From: Maarten Lankhorst <maarten.lankhorst@linux.intel.com>
To: "Thomas Hellström" <thomas.hellstrom@linux.intel.com>,
intel-xe@lists.freedesktop.org
Cc: "Natalie Vock" <natalie.vock@gmx.de>,
"Johannes Weiner" <hannes@cmpxchg.org>,
"Tejun Heo" <tj@kernel.org>, "Michal Koutný" <mkoutny@suse.com>,
cgroups@vger.kernel.org, "Huang Rui" <ray.huang@amd.com>,
"Matthew Brost" <matthew.brost@intel.com>,
"Matthew Auld" <matthew.auld@intel.com>,
"Maxime Ripard" <mripard@kernel.org>,
"Thomas Zimmermann" <tzimmermann@suse.de>,
"Simona Vetter" <simona@ffwll.ch>,
"David Airlie" <airlied@gmail.com>,
"Christian König" <christian.koenig@amd.com>,
"Alex Deucher" <alexander.deucher@amd.com>,
"Rodrigo Vivi" <rodrigo.vivi@intel.com>,
dri-devel@lists.freedesktop.org, amd-gfx@lists.freedesktop.org,
linux-kernel@vger.kernel.org,
"Thadeu Lima de Souza Cascardo" <cascardo@igalia.com>
Subject: Re: [PATCH 2/5] cgroup/dmem: Add reclaim callback for lowering max below current usage
Date: Wed, 22 Apr 2026 10:31:14 +0200 [thread overview]

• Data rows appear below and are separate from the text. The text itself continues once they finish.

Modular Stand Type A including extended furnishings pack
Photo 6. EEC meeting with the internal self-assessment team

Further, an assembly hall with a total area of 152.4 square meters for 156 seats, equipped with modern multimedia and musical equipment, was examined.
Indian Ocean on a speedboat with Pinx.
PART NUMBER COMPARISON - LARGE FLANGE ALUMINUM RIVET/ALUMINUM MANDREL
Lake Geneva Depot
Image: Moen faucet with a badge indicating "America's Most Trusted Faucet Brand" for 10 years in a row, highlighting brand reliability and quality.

Message-ID: <4b647952-0038-4878-b67e-6c7fc7ab27a6@linux.intel.com> (raw)
In-Reply-To: <20260327081600.4885-3-thomas.hellstrom@linux.intel.com>
Hey,
(Adding Thadeu to cc since they've been working on the same issue)
Den 2026-03-27 kl. 09:15, skrev Thomas Hellström:
> Add an optional reclaim callback to struct dmem_cgroup_region. When
> dmem.max is set below current usage, invoke the callback to evict memory
> and retry setting the limit rather than failing immediately. Signal
> interruptions propagate back to the write() caller.
>
> RFC:
> Due to us updating the max limit _after_ the usage has been
> sufficiently lowered, this should be prone to failures if there are
> aggressive allocators running in parallel to the reclaim.

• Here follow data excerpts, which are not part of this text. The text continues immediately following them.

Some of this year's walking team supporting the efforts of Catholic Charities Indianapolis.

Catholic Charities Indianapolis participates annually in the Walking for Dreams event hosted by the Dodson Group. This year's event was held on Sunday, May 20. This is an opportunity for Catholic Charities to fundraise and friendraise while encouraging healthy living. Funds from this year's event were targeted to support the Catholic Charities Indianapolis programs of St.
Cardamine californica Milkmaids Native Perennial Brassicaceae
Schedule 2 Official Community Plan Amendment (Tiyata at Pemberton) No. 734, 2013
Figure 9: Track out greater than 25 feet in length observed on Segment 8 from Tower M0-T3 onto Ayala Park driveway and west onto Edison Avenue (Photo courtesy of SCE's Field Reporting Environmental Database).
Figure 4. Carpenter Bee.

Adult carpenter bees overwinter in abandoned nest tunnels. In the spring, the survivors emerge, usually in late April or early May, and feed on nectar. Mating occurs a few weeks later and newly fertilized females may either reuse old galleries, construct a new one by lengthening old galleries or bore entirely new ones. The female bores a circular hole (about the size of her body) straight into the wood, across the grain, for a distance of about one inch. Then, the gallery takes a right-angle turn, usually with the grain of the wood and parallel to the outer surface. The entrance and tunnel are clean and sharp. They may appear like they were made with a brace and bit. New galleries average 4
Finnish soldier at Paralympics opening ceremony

> So can we somehow enforce the new limit while the eviction is
> happening?
>
> Assisted-by: GitHub Copilot:claude-sonnet-4.6
> Signed-off-by: Thomas Hellström <thomas.hellstrom@linux.intel.com>
> ---
> include/linux/cgroup_dmem.h | 11 +++++
> kernel/cgroup/dmem.c | 94 +++++++++++++++++++++++++++++++++----
> 2 files changed, 96 insertions(+), 9 deletions(-)
>
> diff --git a/include/linux/cgroup_dmem.h b/include/linux/cgroup_dmem.h
> index dd4869f1d736..61520a431740 100644
> --- a/include/linux/cgroup_dmem.h
> +++ b/include/linux/cgroup_dmem.h
> @@ -26,6 +26,10 @@ bool dmem_cgroup_state_evict_valuable(struct dmem_cgroup_pool_state *limit_pool,
> bool ignore_low, bool *ret_hit_low);
>
> void dmem_cgroup_pool_state_put(struct dmem_cgroup_pool_state *pool);
> +void dmem_cgroup_region_set_reclaim(struct dmem_cgroup_region *region,
> + int (*reclaim)(struct dmem_cgroup_pool_state *pool,
> + u64 target_bytes, void *priv),
> + void *priv);
> #else
> static inline __printf(2,3) struct dmem_cgroup_region *
> dmem_cgroup_register_region(u64 size, const char *name_fmt, ...)
> @@ -62,5 +66,12 @@ bool dmem_cgroup_state_evict_valuable(struct dmem_cgroup_pool_state *limit_pool,
> static inline void dmem_cgroup_pool_state_put(struct dmem_cgroup_pool_state *pool)
> { }
>
> +static inline void
> +dmem_cgroup_region_set_reclaim(struct dmem_cgroup_region *region,
> + int (*reclaim)(struct dmem_cgroup_pool_state *pool,
> + u64 target_bytes, void *priv),
> + void *priv)
> +{ }
> +
> #endif
> #endif /* _CGROUP_DMEM_H */
> diff --git a/kernel/cgroup/dmem.c b/kernel/cgroup/dmem.c
> index 3e6d4c0b26a1..f993fb058b74 100644
> --- a/kernel/cgroup/dmem.c
> +++ b/kernel/cgroup/dmem.c
> @@ -51,6 +51,18 @@ struct dmem_cgroup_region {
> * No new pools should be added to the region afterwards.
> */
> bool unregistered;
> +
> + /**
> + * @reclaim: Optional callback invoked when dmem.max is set below the
> + * current usage of a pool. The driver should attempt to free at least
> + * @target_bytes from @pool. May be called multiple times if usage
> + * remains above the limit after returning.
> + */
> + int (*reclaim)(struct dmem_cgroup_pool_state *pool, u64 target_bytes,
> + void *priv);
> +
> + /** @reclaim_priv: Private data passed to @reclaim. */
> + void *reclaim_priv;
> };
>
> struct dmemcg_state {
> @@ -145,23 +157,59 @@ static void free_cg_pool(struct dmem_cgroup_pool_state *pool)
> }
>
> static int
> -set_resource_min(struct dmem_cgroup_pool_state *pool, u64 val)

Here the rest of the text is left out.